* _Description of the task_
A faithful copy of the entries is required, with no images in it.

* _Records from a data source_

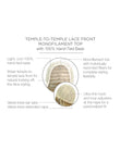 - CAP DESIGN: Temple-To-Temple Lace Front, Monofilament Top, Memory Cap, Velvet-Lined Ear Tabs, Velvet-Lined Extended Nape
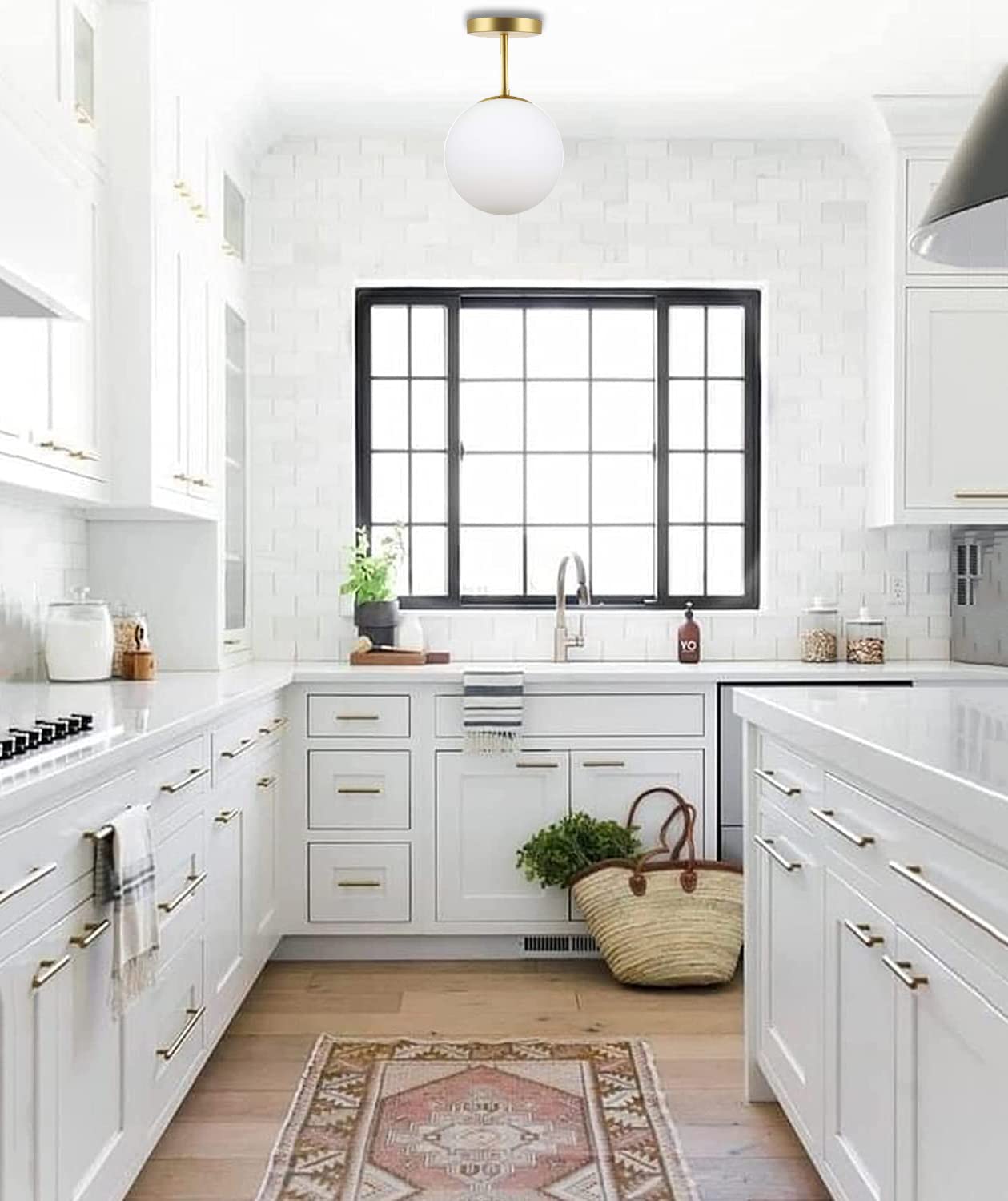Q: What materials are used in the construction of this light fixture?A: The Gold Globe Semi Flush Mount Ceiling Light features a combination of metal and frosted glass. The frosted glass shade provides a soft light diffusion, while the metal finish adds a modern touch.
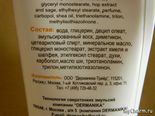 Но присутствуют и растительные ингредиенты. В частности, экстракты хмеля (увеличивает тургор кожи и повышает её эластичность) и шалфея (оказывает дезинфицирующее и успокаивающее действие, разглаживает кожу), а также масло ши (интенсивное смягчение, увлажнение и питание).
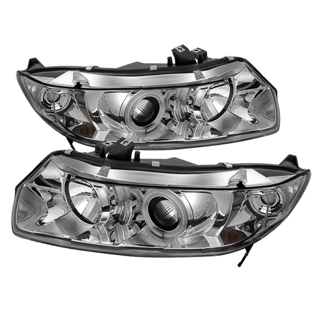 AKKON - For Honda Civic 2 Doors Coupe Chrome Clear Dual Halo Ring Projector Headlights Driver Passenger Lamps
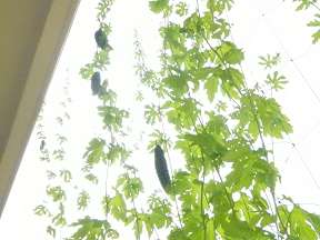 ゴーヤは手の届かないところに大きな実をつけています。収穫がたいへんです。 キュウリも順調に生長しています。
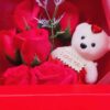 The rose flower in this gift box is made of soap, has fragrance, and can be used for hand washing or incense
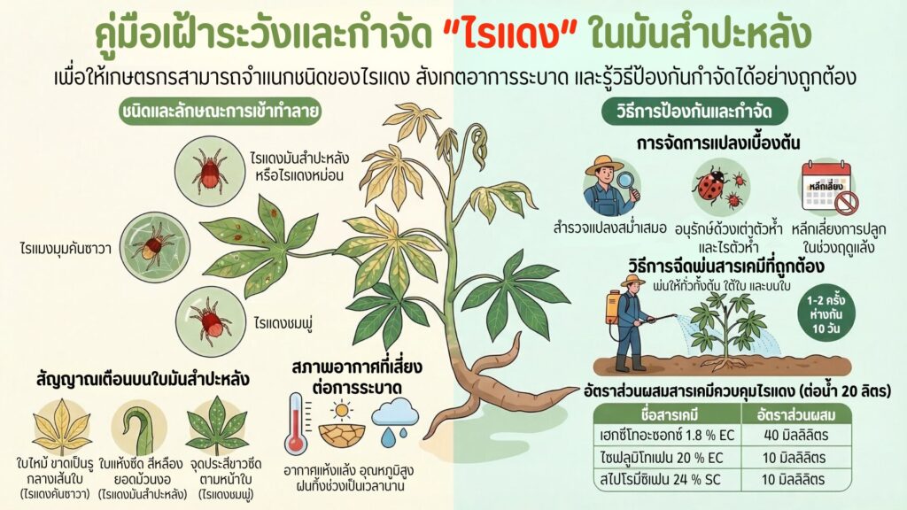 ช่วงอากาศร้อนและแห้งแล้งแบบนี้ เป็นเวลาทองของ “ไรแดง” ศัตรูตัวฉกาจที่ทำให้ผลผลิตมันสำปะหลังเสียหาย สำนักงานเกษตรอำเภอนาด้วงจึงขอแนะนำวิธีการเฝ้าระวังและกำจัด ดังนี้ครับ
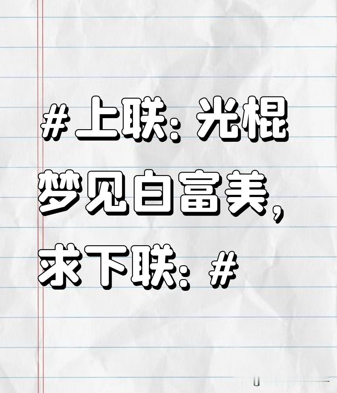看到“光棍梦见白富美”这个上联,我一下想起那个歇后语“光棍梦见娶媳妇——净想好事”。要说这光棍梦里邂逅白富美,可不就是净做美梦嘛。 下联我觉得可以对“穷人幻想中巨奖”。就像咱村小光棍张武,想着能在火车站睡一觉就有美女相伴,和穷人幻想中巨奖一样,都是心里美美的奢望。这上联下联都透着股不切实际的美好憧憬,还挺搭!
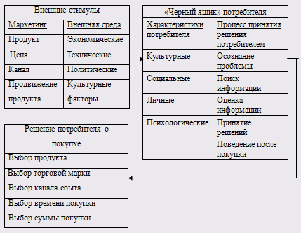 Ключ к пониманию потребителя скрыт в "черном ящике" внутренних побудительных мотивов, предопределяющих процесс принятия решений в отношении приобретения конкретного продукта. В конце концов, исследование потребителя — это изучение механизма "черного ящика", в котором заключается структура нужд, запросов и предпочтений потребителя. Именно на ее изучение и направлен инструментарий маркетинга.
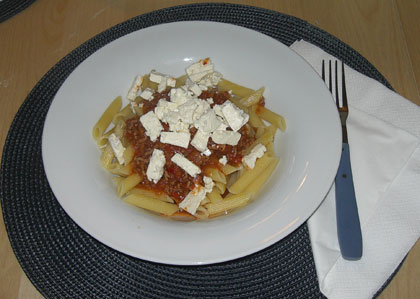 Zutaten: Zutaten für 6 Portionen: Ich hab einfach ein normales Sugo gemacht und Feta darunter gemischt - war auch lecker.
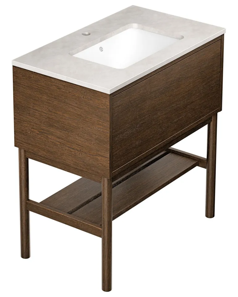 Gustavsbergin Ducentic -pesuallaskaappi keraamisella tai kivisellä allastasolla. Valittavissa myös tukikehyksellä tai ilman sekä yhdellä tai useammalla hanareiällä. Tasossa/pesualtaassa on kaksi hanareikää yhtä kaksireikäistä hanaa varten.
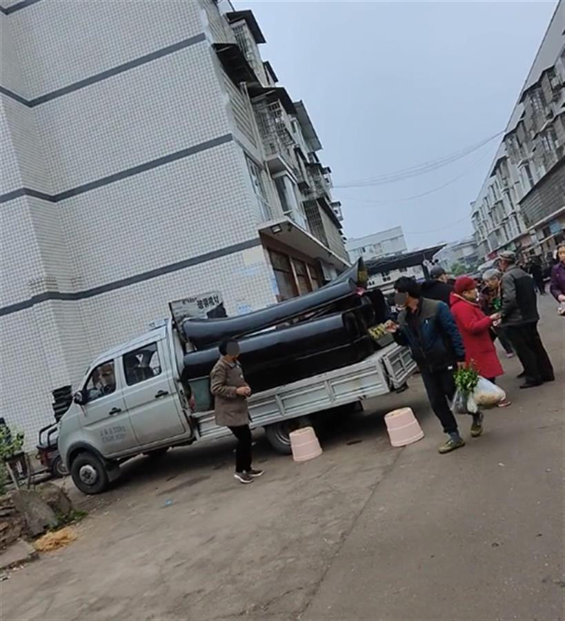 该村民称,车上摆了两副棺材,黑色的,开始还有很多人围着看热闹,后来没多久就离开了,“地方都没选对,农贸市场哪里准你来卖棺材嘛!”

* _Result of this exercise_
 - CAP DESIGN: Temple-To-Temple Lace Front, Monofilament Top, Memory Cap, Velvet-Lined Ear Tabs, Velvet-Lined Extended Nape
Q: What materials are used in the construction of this light fixture?A: The Gold Globe Semi Flush Mount Ceiling Light features a combination of metal and frosted glass. The frosted glass shade provides a soft light diffusion, while the metal finish adds a modern touch.
 Но присутствуют и растительные ингредиенты. В частности, экстракты хмеля (увеличивает тургор кожи и повышает её эластичность) и шалфея (оказывает дезинфицирующее и успокаивающее действие, разглаживает кожу), а также масло ши (интенсивное смягчение, увлажнение и питание).
 AKKON - For Honda Civic 2 Doors Coupe Chrome Clear Dual Halo Ring Projector Headlights Driver Passenger Lamps
 ゴーヤは手の届かないところに大きな実をつけています。収穫がたいへんです。 キュウリも順調に生長しています。
 The rose flower in this gift box is made of soap, has fragrance, and can be used for hand washing or incense
 ช่วงอากาศร้อนและแห้งแล้งแบบนี้ เป็นเวลาทองของ “ไรแดง” ศัตรูตัวฉกาจที่ทำให้ผลผลิตมันสำปะหลังเสียหาย สำนักงานเกษตรอำเภอนาด้วงจึงขอแนะนำวิธีการเฝ้าระวังและกำจัด ดังนี้ครับ
看到“光棍梦见白富美”这个上联,我一下想起那个歇后语“光棍梦见娶媳妇——净想好事”。要说这光棍梦里邂逅白富美,可不就是净做美梦嘛。 下联我觉得可以对“穷人幻想中巨奖”。就像咱村小光棍张武,想着能在火车站睡一觉就有美女相伴,和穷人幻想中巨奖一样,都是心里美美的奢望。这上联下联都透着股不切实际的美好憧憬,还挺搭!
 Ключ к пониманию потребителя скрыт в "черном ящике" внутренних побудительных мотивов, предопределяющих процесс принятия решений в отношении приобретения конкретного продукта. В конце концов, исследование потребителя — это изучение механизма "черного ящика", в котором заключается структура нужд, запросов и предпочтений потребителя. Именно на ее изучение и направлен инструментарий маркетинга.
 Zutaten: Zutaten für 6 Portionen: Ich hab einfach ein normales Sugo gemacht und Feta darunter gemischt - war auch lecker.
 Gustavsbergin Ducentic -pesuallaskaappi keraamisella tai kivisellä allastasolla. Valittavissa myös tukikehyksellä tai ilman sekä yhdellä tai useammalla hanareiällä. Tasossa/pesualtaassa on kaksi hanareikää yhtä kaksireikäistä hanaa varten.
 该村民称,车上摆了两副棺材,黑色的,开始还有很多人围着看热闹,后来没多久就离开了,“地方都没选对,农贸市场哪里准你来卖棺材嘛!”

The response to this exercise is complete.